*The task:*
Give back every line of the material below exactly, but no images.

*Dataset extract:*
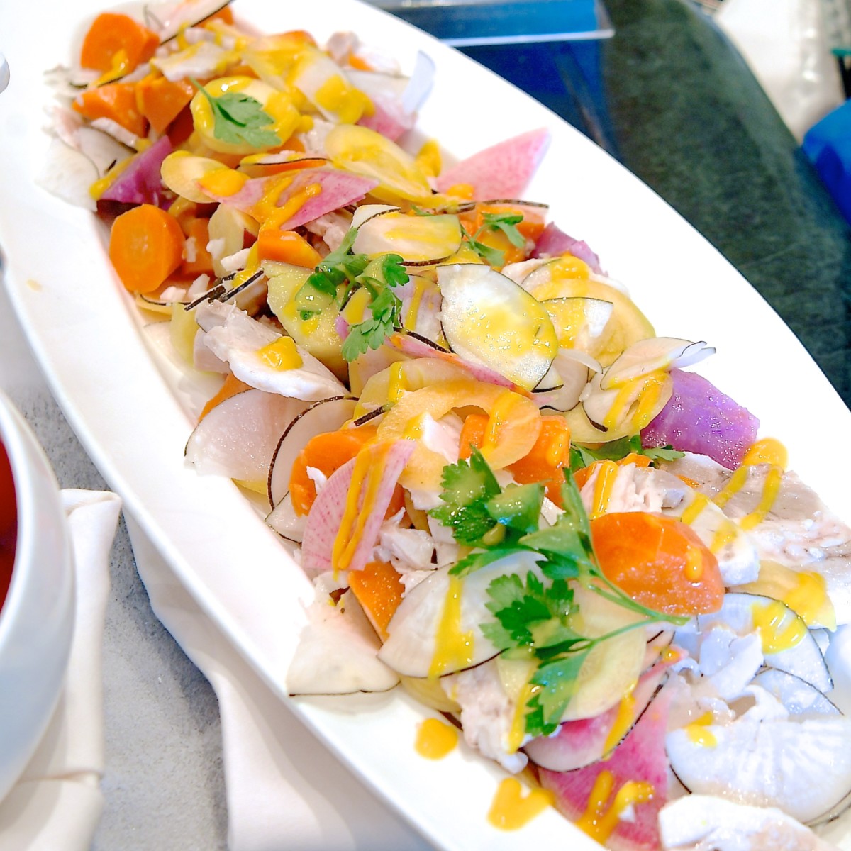 チキンの色あざやかな野菜のサラダ。
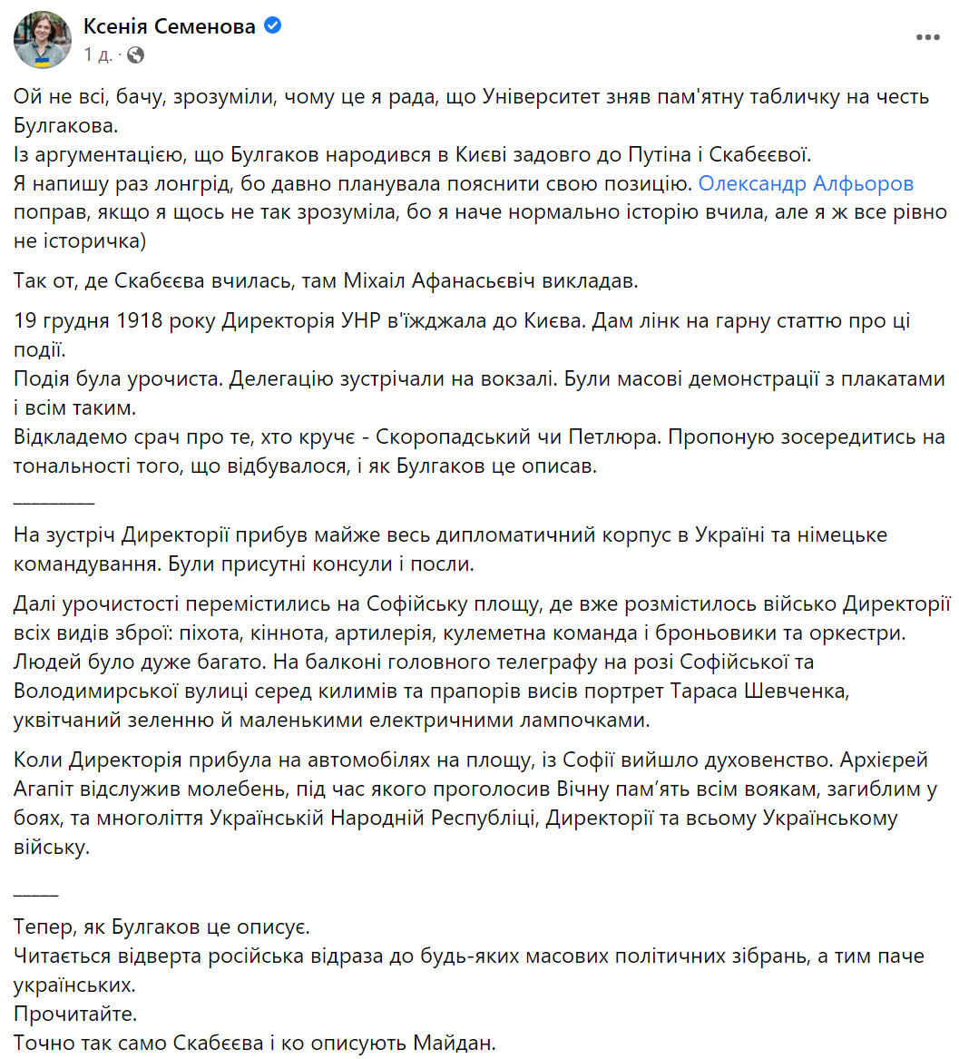 Бурная дискуссия развернулась в комментариях к посту депутата Киевсовета Ксении Семеновой, которая ранее призывала снести памятник Булгакову на Андреевском спуске. А теперь поддержала демонтаж доски со здания КНУ.
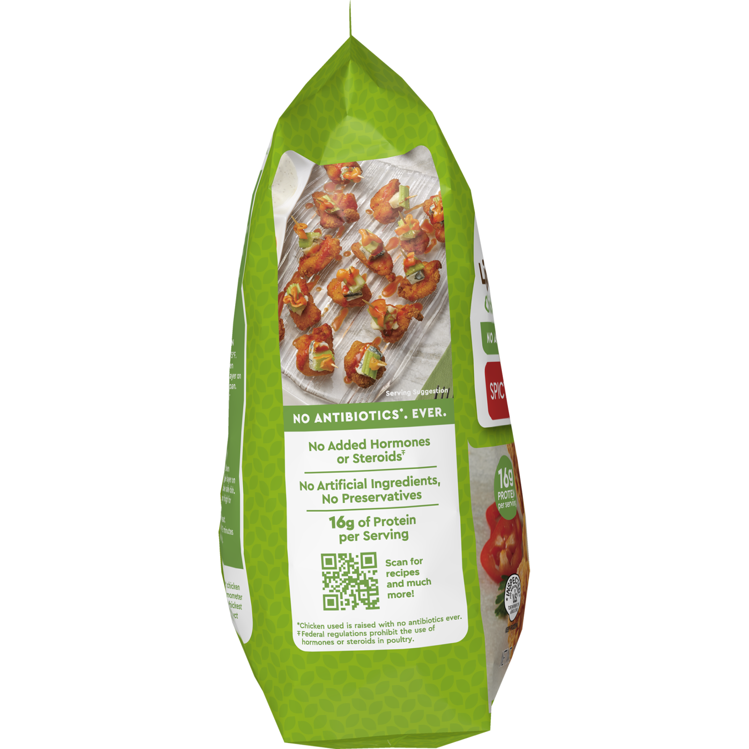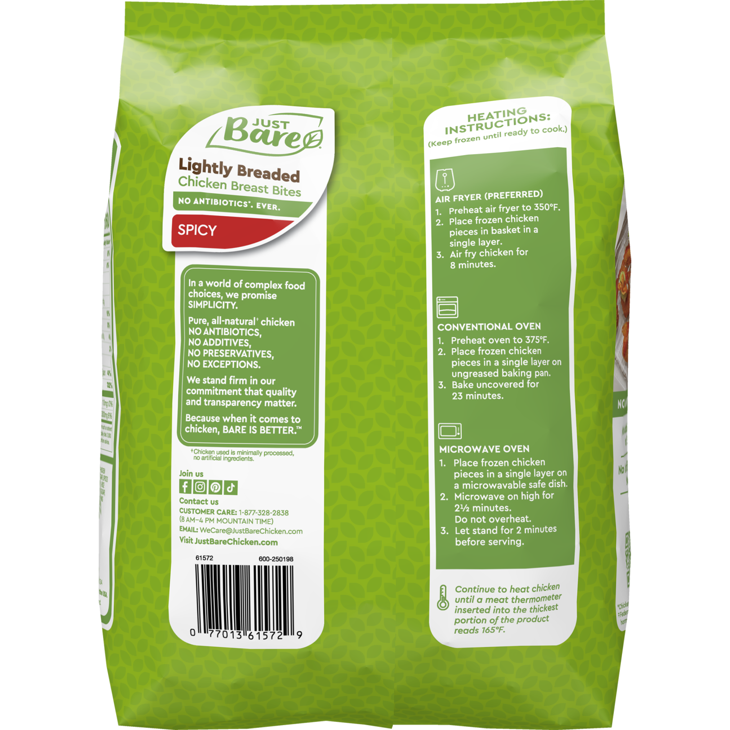 Our frozen, fully cooked Lightly Breaded Chicken Breast Spicy Bites are made with boneless chicken breast, marinated and breaded in a spicy southern style for a peppery and slightly sweet heat. They’re crispy, crunchy and packed with protein. Just heat and serve on top of salads and entrees, in mini sliders or alone with your favorite dipping sauces! As always, Just Bare® provides chicken that features no antibiotics, ever*. Has no added hormones or steroids†. Uses no artificial ingredients or preservatives and uses chickens raised cage free on American farms‡.

*Answer below:*
 チキンの色あざやかな野菜のサラダ。
 Бурная дискуссия развернулась в комментариях к посту депутата Киевсовета Ксении Семеновой, которая ранее призывала снести памятник Булгакову на Андреевском спуске. А теперь поддержала демонтаж доски со здания КНУ.
 Our frozen, fully cooked Lightly Breaded Chicken Breast Spicy Bites are made with boneless chicken breast, marinated and breaded in a spicy southern style for a peppery and slightly sweet heat. They’re crispy, crunchy and packed with protein. Just heat and serve on top of salads and entrees, in mini sliders or alone with your favorite dipping sauces! As always, Just Bare® provides chicken that features no antibiotics, ever*. Has no added hormones or steroids†. Uses no artificial ingredients or preservatives and uses chickens raised cage free on American farms‡.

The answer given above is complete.